About Tisotumab Vedotin
Tisotumab vedotin is an antibody-drug conjugate (ADC) composed of Genmab’s human monoclonal antibody directed to tissue factor (TF) and Pfizer’s ADC technology that utilizes a protease-cleavable linker that covalently attaches the microtubule-disrupting agent monomethyl auristatin E (MMAE) to the antibody. Nonclinical data suggest that the anticancer activity of tisotumab vedotin is due to the binding of the ADC to TF-expressing cancer cells, followed by internalization of the ADC-TF complex, and release of MMAE via proteolytic cleavage. MMAE disrupts the microtubule network of actively dividing cells, leading to cell cycle arrest and apoptotic cell death. In vitro, tisotumab vedotin also mediates antibody-dependent cellular phagocytosis and antibody-dependent cellular cytotoxicity. Tisotumab vedotin is co-owned by Genmab and Pfizer, under an agreement in which the companies share costs and profits for the product on a 50:50 basis.

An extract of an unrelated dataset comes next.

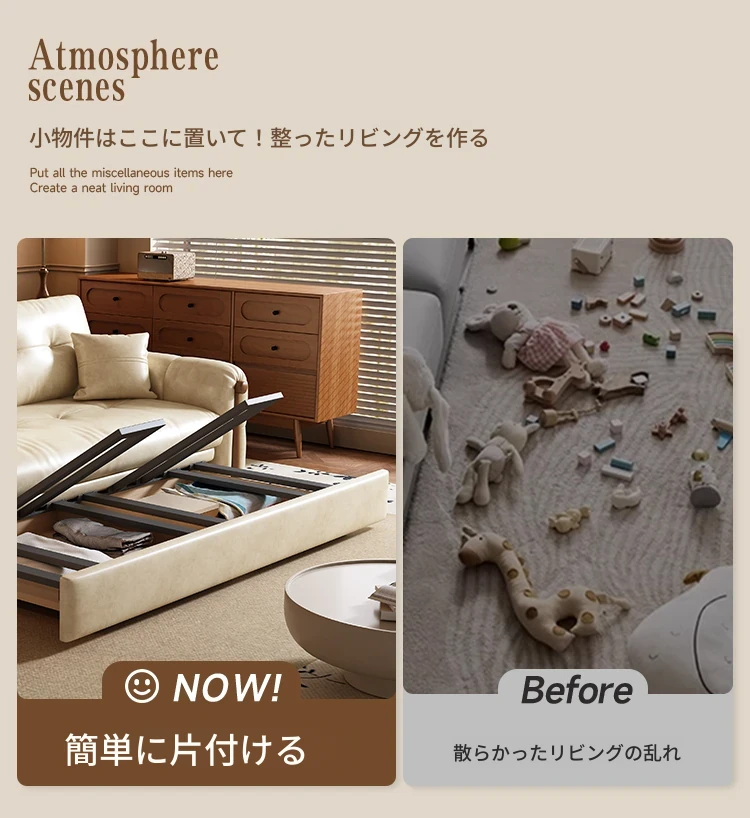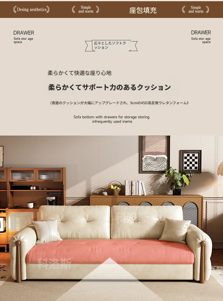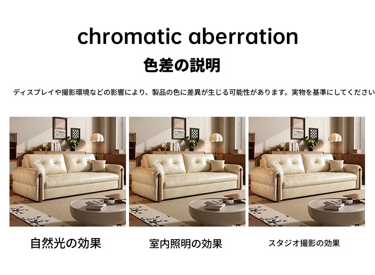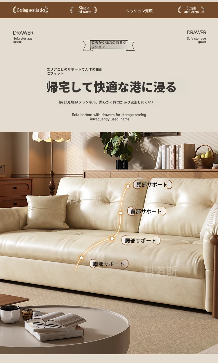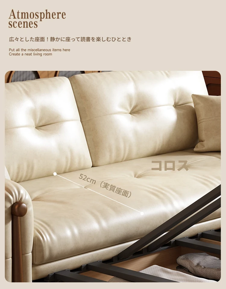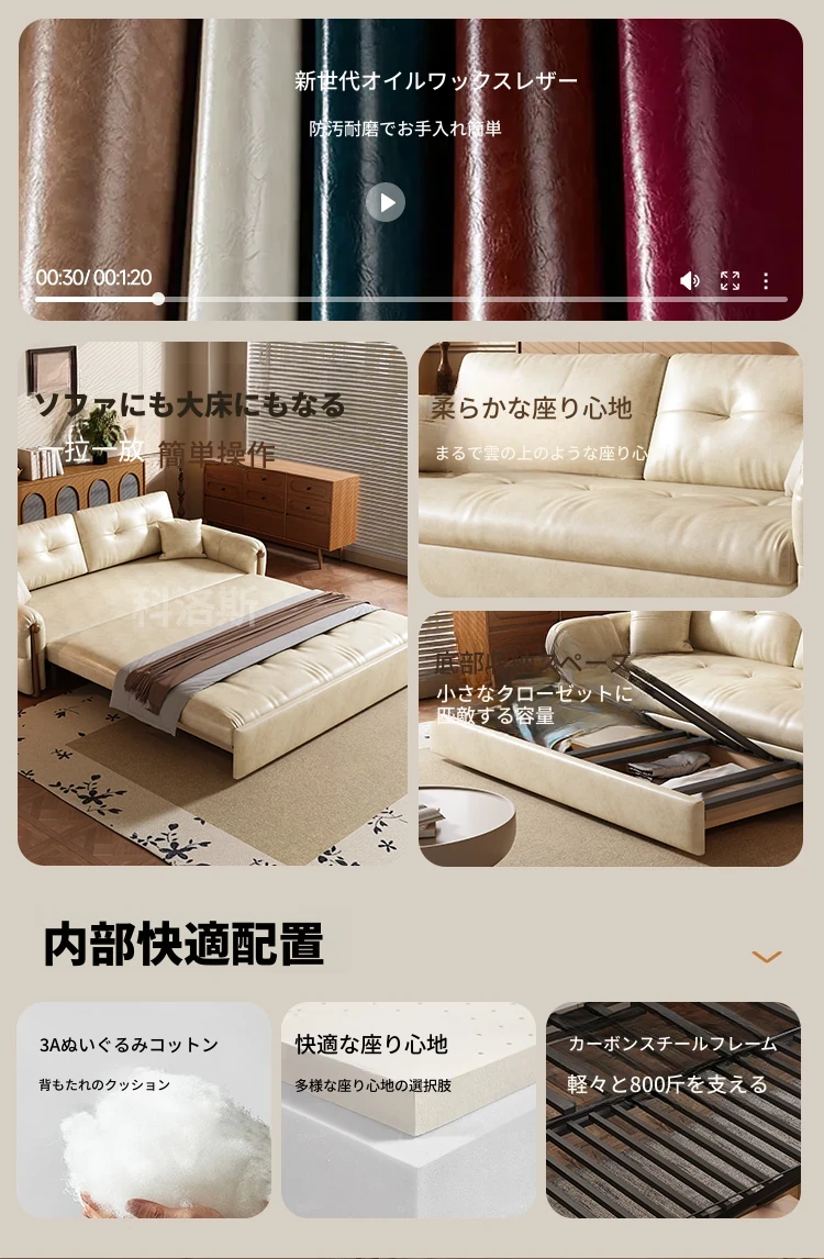 レトロ風クリームカラーのソファ - 折りたたみ可能な実木製2WAYデザイン、小型スペースに最適!2025年新作オイルワックスレザーソファベッドで、スタイリッシュなインテリアを実現!

Tisotumab vedotin has received full approval by the U.S. FDA for the treatment of adult patients with recurrent or metastatic cervical cancer (r/mCC) with disease progression on or after chemotherapy. Tisotumab vedotin in HNSCC is not approved in any country, including the U.S. and the EU.

About Acasunlimab (GEN1046/BNT311)
Acasunlimab (GEN1046/BNT311) is an investigational PD-L1x4-1BB bispecific antibody fusing Genmab’s proprietary DuoBody technology platform and BioNTech’s proprietary immunomodulatory antibodies. Acasunlimab is designed to elicit an antitumor response via conditional activation of 4-1BB on T cells and natural killer (NK) cells, which is strictly dependent on simultaneous binding of the PD-L1 arm.
Acasunlimab is being developed in collaboration with BioNTech SE under a license and collaboration agreement and is currently in Phase 2 of development.